The moderator, Susan McKay, provided a summary of a “fantastic trio of presentations”: Glenda Davies introduced the community development approach with the need for participation by the community and with imagination; Ruth Graham spoke of provocation and intervention; and Paula McFetridge described the magic of how theatre can transform ways of thinking.
There was a full half hour of discussion with the audience, from the intentionally frivolous (“Ruth, where did you get the aliens for your rocket?”) to the theoretical (“Which comes first, re-imaging or re-imagining?”).

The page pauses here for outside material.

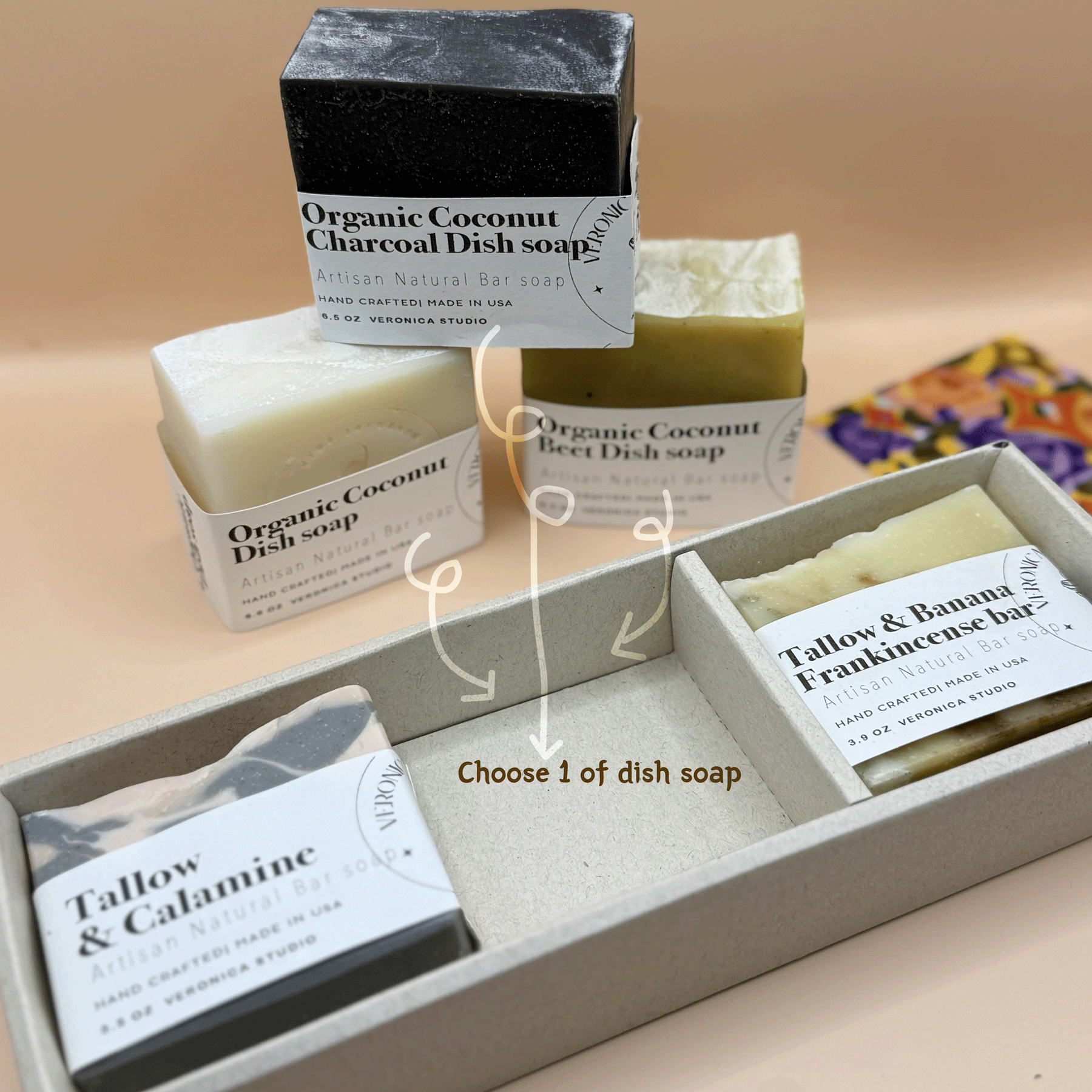 칼라민 탈로우 비누와 탈로우 바나나 프랑킨센스 비누가 포함된

Someone asked about the engagement with elected representatives, and relatedly, the prospects in light of swinging budget cuts to the arts. Indeed, soon enough Northern Ireland will no longer have any Executive department responsible for the arts. One response is to remind politicians of the role that art plays across departments, such as health.
Paula McFetridge’s final comment reminded the audience of the universal issues that get explored in conflict and post-conflict reconciliation work — grief, loss, cultural identity. She argued that we should share our practice internationally, because there are places looking at us who are where we were 20 years ago, 10 years ago, and who want to learn from our experiences.
“There is the power of gathering to experience something that makes you transcend your thoughts before you walked into the room,” she said.
Meanwhile, “We still have a long way to go. Our practice is evolving, which is something we should be very proud of.”